Here are a few stories that caught my attention in the commerce space this week.

NFC-enabled Cashwrap case equips iPhone with Isis

At the 2013 International CES this week, Incipio and AT&T announced the launch of Cashwrap, an NFC-enabled iPhone case that equips iPhones with the Isis Wallet, currently only available for NFC-compatible Android phones. According to a post at 9to5Mac, the case will be available in March and will cost $59.99 to $69.99.

9to5Mac shot a short video of the product from the CES show floor (the Cashwrap representative mistakenly indicates the case will support iPhone 5 — at launch, it will support iPhone 4 and 4S):

When Isis launched in October, some questioned the viability of the payment platform and whether or not it was addressing a real problem. In a report at Consumer Reports, Jeff Blyskal concluded: “Isis, like Google Wallet, still seems to require a lot of work and needless complexity for the questionable convenience of paying by cell phone.” Now, on top of the complexity and questionable convenience of NFC payment, iPhone users must not only attach an appendage to the phone, but fork over a not-so-insignificant amount of cash — all for a payment platform that’s only available in Salt Lake City and Austin, and only at select retailers.

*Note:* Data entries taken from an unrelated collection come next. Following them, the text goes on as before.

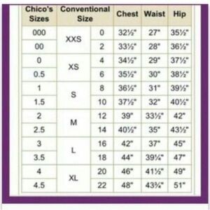 ***CHICOS USES VANITY SIZING, SIZES IN THE LISTING ARE BASED ON CONVENTIONAL SIZING***
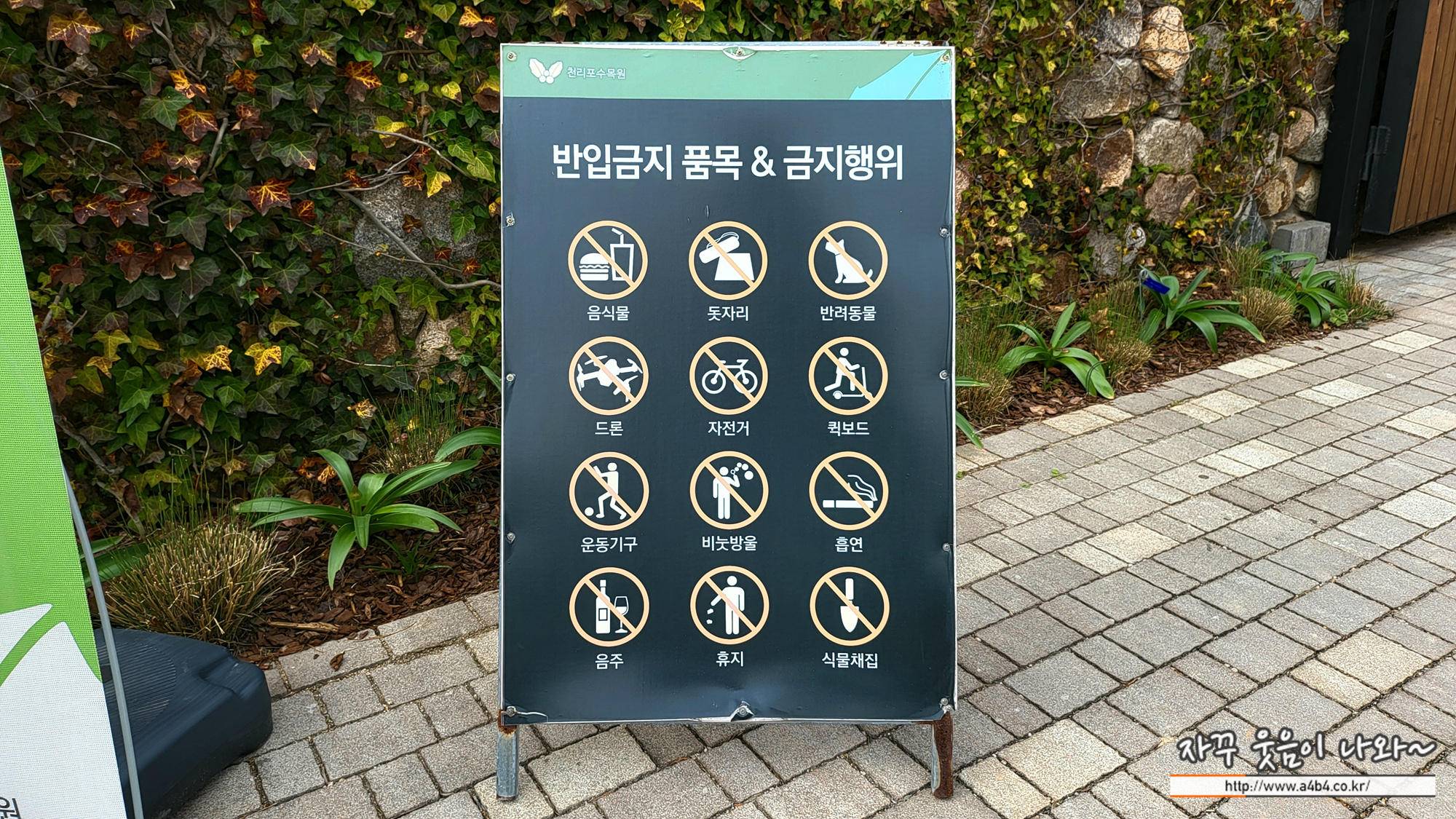 천리포 수목원은 자연시설이다 보니 몇가지 금지행위나 반입금지 품목이 있습니다. 음식물이나 드론, 운동기구 등 반입이 금지되어 있고요, 나머지 부분은 상식적인 수준에서 생각하시면 됩니다. 그렇다고 입구에서 소지품 검사를 하거나 그러지는 않습니다. 다만 아쉬운 부분은 천리포수목원 강아지 동반입장은 제한되어 있습니다.
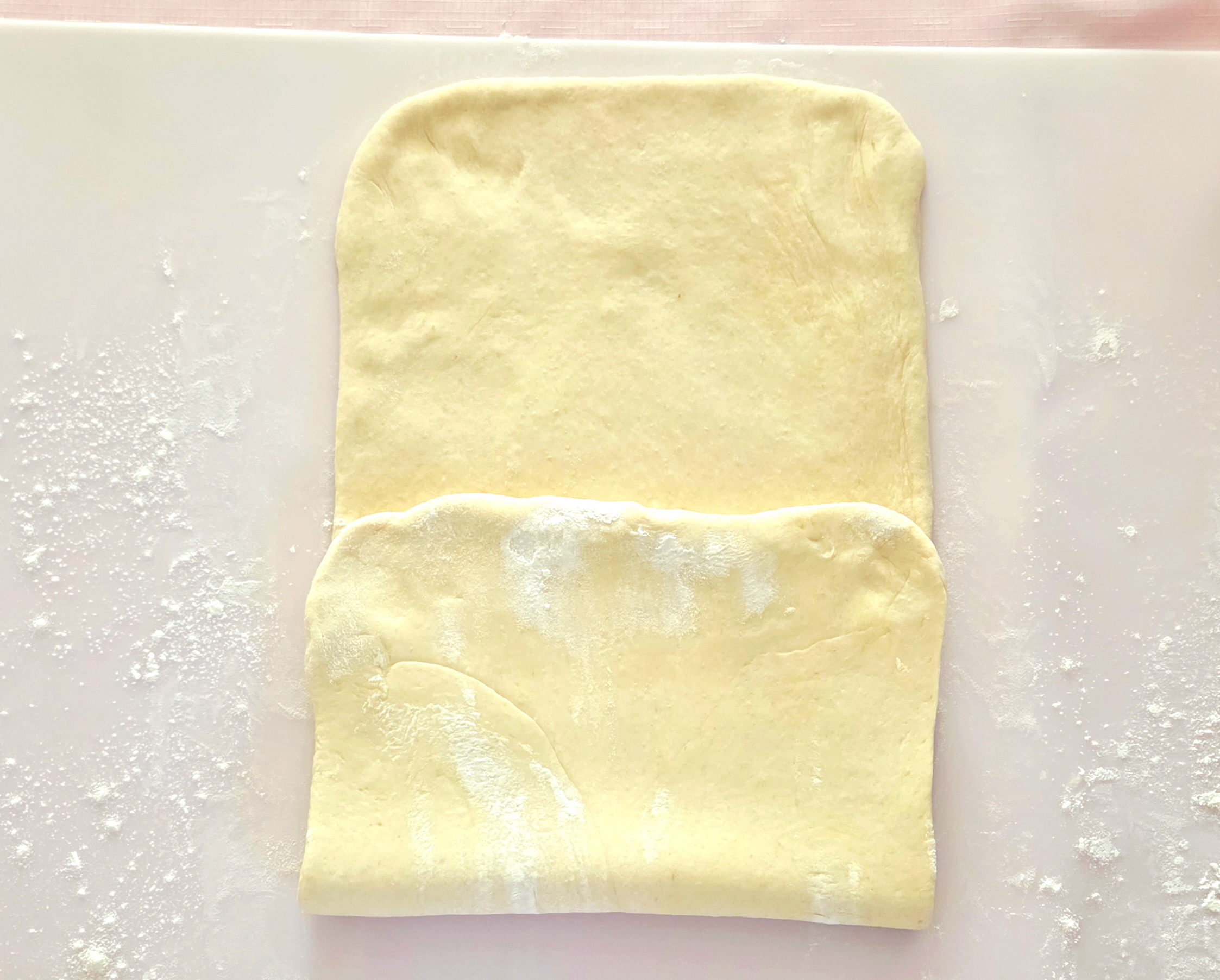 After the dough has finished resting, dust the counter with a bit more flour and place it so the folded end is on the side.
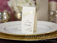 Рассадочная карточка с именем гостя из мерцающей дизайнерской бумаги. Декорирована атласной лентой.
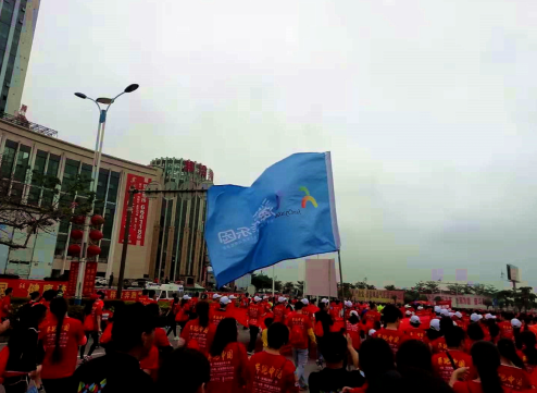 赛前,4公里参赛员工在给自己加油鼓劲,团结就是力量!
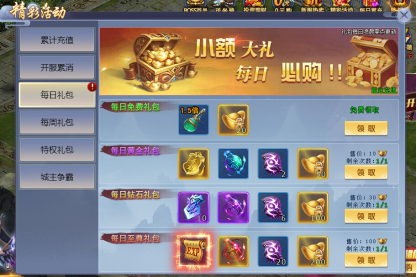 开服期间每日可领取和购买超值日礼包,持续7天
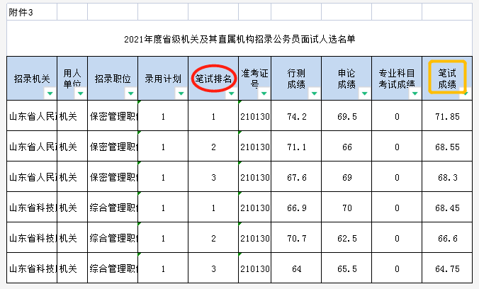 最后,看面試公告,查完成績(jī)當(dāng)天各地會(huì)陸續(xù)發(fā)布面試公告,公告附件中會(huì)有面試名單,名單中就有你的筆試成績(jī)及筆試排名,如下:
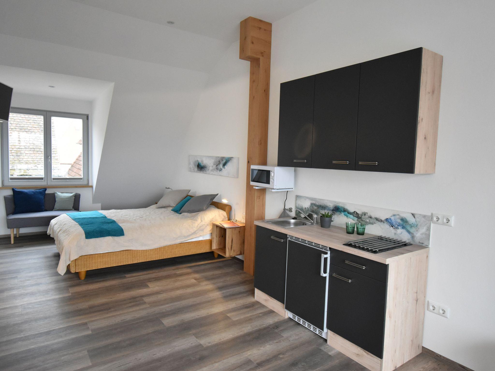 Das Appartment mit einer Größe von 50 qm verfügt über ein Wohn-/Schlafzimmer mit Küchenzeile sowie einer separaten Sitzgelegenheit und SAT-TV. Im gemütlichen Doppelbett können Sie sich von Ausflügen in die Altstadt und Umgebung erholen.
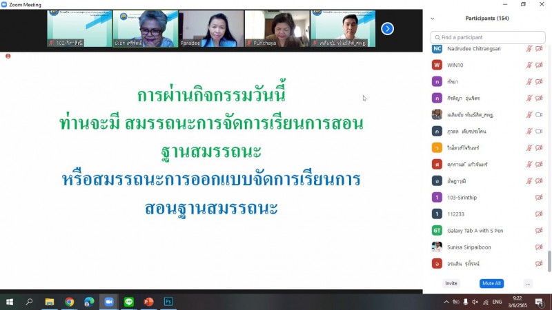 วันที่ 3 มิถุนายน 2565 คณะผู้บริหาร ครู โรงเรียนเทศบาลอินทปัญญา วัดใหญ่อินทาราม เข้าร่วมอบรมโครงการพัฒนาครูและบุคลากรทางการศึกษา (กิจกรรมที่ 2) การฝึกอบรมสัมมนาเชิงปฏิบัติการนำร่องการนำหลักสูตรฐานสมรรถนะสู่ห้องเรียน ผ่านโปรแกรม zoom meeting
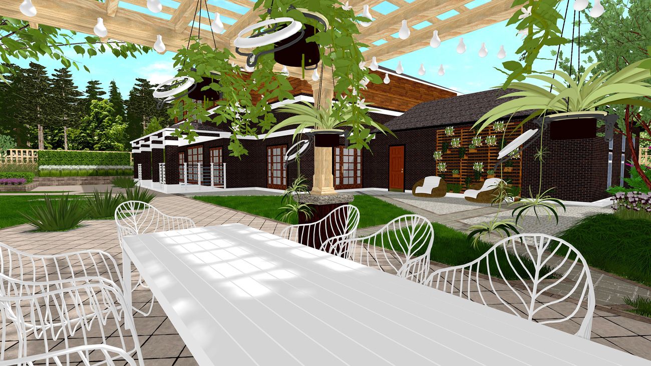 Ближе к дому расположилась зона для уютных ужинов на открытом воздухе. Деревянная пергола украшена светильниками и ампельными растениями в горшках с автополивом. В качестве декоративной ширмы установлена стена из бетона с зелеными элементами из стабилизированного мха. Эту зону хотелось выполнить в экоботаническом стиле. Стол и садовые стулья в виде листиков для этой зоны выбраны из категории премиальной садовой мебели Royal Botania <a href=
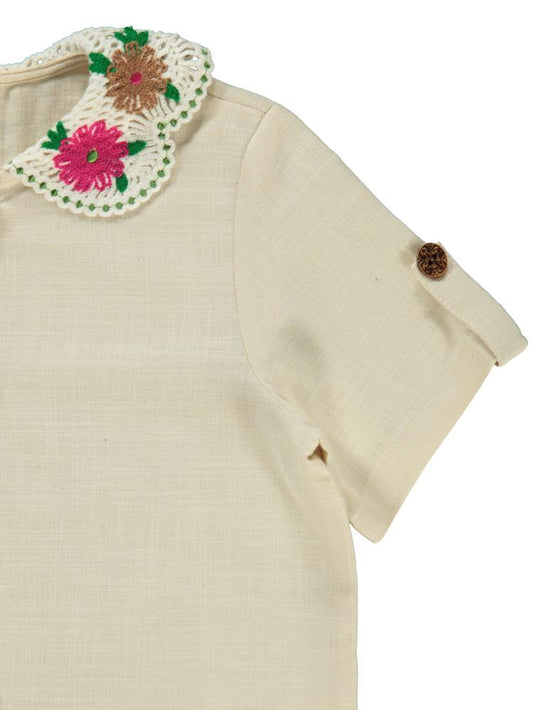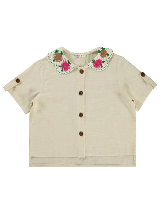 Civil girls yaka aksesuarlı 10-13 yaş gömlek - ekru
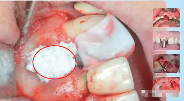 就是將口腔專用的骨粉骨粒植入牙創(chuàng)口,在面上再覆蓋一層可吸收膜,從而達(dá)到修復(fù)牙槽骨的作用。
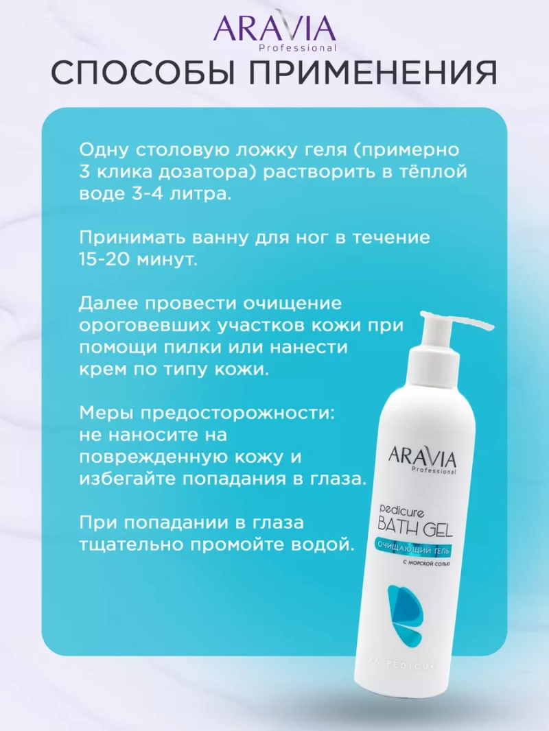ГЕЛЬ ОЧИЩАЮЩИЙ С МОРСКОЙ СОЛЬЮ PEDICURE BATH GEL, 300 МЛ. Гель для ножных ванн с натуральной морской солью и минералами эффективно очищает, освежает и подготавливает кожу ног к педикюру. Может использоваться как в комплексе, так и самостоятельно для расслабляющих и освежающих процедур. Активные компоненты геля (морские минералы, экстракты водорослей, эфирное масло розмарина и лаванды) обладают дезодорирующим, успокаивающим и расслабляющим действием. Эффективно размягчают ороговелые участки кожи стоп, позволяя без усилий избавиться от натоптышей и мозолей. Регулярное использование геля для ножных ванн способствует профилактике развития грибковых заболеваний, снимает стресс, делает кожу ног здоровой и ухоженной. Назначение: для процедуры SPA-педикюр, для ножных ванн, размягчения и подготовки стоп к обработке инструментом. Биоактивный состав: глицерин, экстракт ламинарии, экстракт фукуса, мочевина, эфирное масло лаванды, эфирное масло розмарина. Состав продукта (INCI): Aqua, Glycerin, Sodium Laureth Sulfate, Cocamidopropyl Betaine, Sodium Chloride, Fucus Vesiculosus Extract, Laminaria Saccharina Extract, Urea, Lavandula Angustifolia (Lavender) Oil, Rosmarinus Officinalis Leaf Oil, Disodium EDTA, Benzyl Alcohol, MI, MCI, Parfum, CI 42090. СПОСОБ ПРИМЕННИЯ: Одну столовую ложку геля (примерно 3 клика дозатора) растворить в тёплой воде 3-4 литра. Принимать ванну для ног в течение 15-20 минут. Далее провести очищение ороговевших участков кожи при помощи пилки или нанести крем по типу кожи. Меры предосторожности: не наносите на поврежденную кожу и избегайте попадания в глаза. При попадании в глаза тщательно промойте водой.
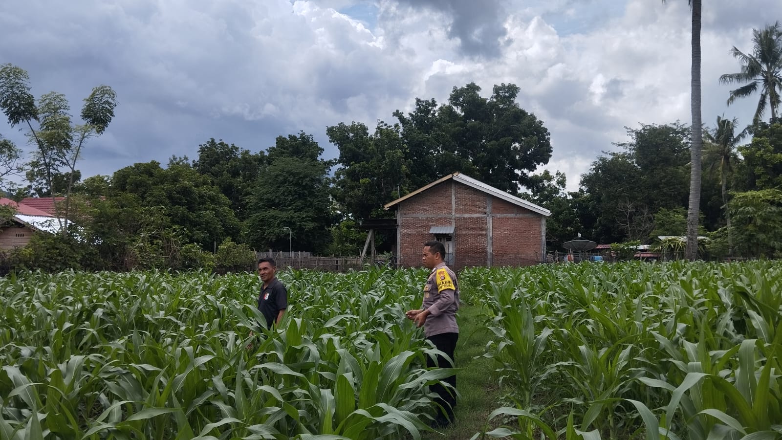 Bripka Ibrahim membantu Bapak Hamdan dalam mengelola lahannya yang ditanami jagung dan beberapa tanaman pangan lainnya. Selain memberikan pendampingan teknis, ia juga menyampaikan motivasi kepada warga untuk terus berinovasi dalam memanfaatkan lahan pekarangan yang dimiliki.
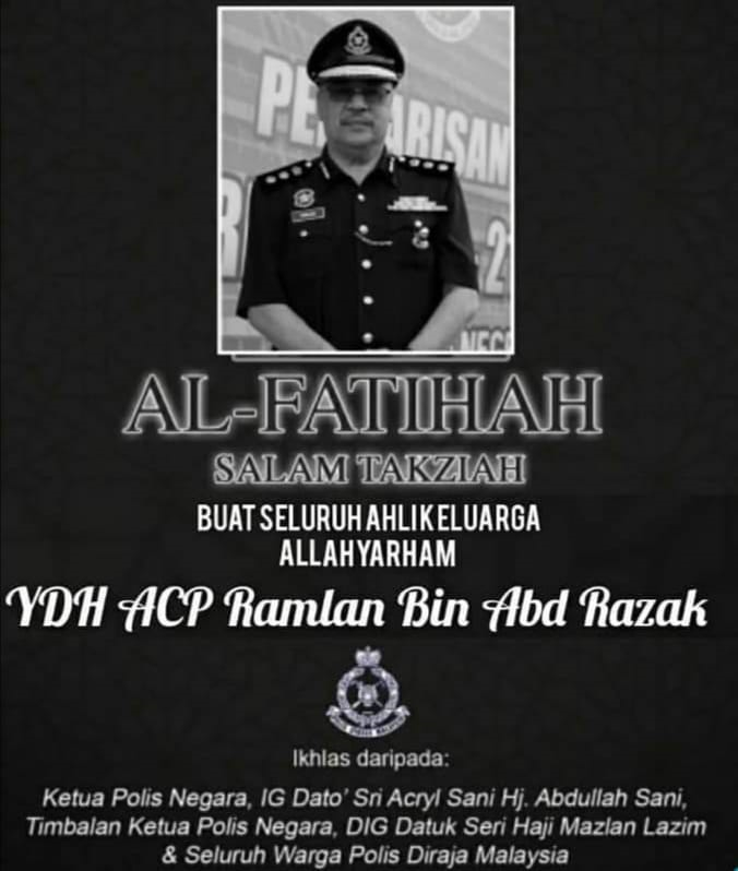 噩耗传出,全国总警长拿督斯里艾克里沙尼也率领警队发布讣告,向家属致哀。
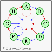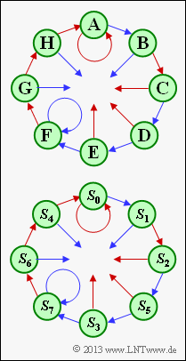 In obiger Grafik sind allerdings für die Zustände $S_0, \, \text{...} \, , \, S_7$ Platzhalter names $\mathbf{A}, \, \text{...} \, , \, \mathbf{H}$ verwendet. In den Teilaufgaben (1) und (2) sollen Sie klären, welcher Platzhalter für welchen Zustand steht.

At Telecoms.com, Elliott Holley covered a recent report by financial research firm Celent that says the issues NFC payment technology has faced thus far are only going to be compounded in 2013 and that NFC payment solutions will be overshadowed — perhaps ultimately replaced — by cloud-based wallets. Celent senior analyst and author of the report Zilvanas Bareisis told Holley that not only is using the technology still much more difficult than swiping a credit card, but in markets such as the U.S., “the infrastructure bill is huge and convincing retailers and merchants is difficult.”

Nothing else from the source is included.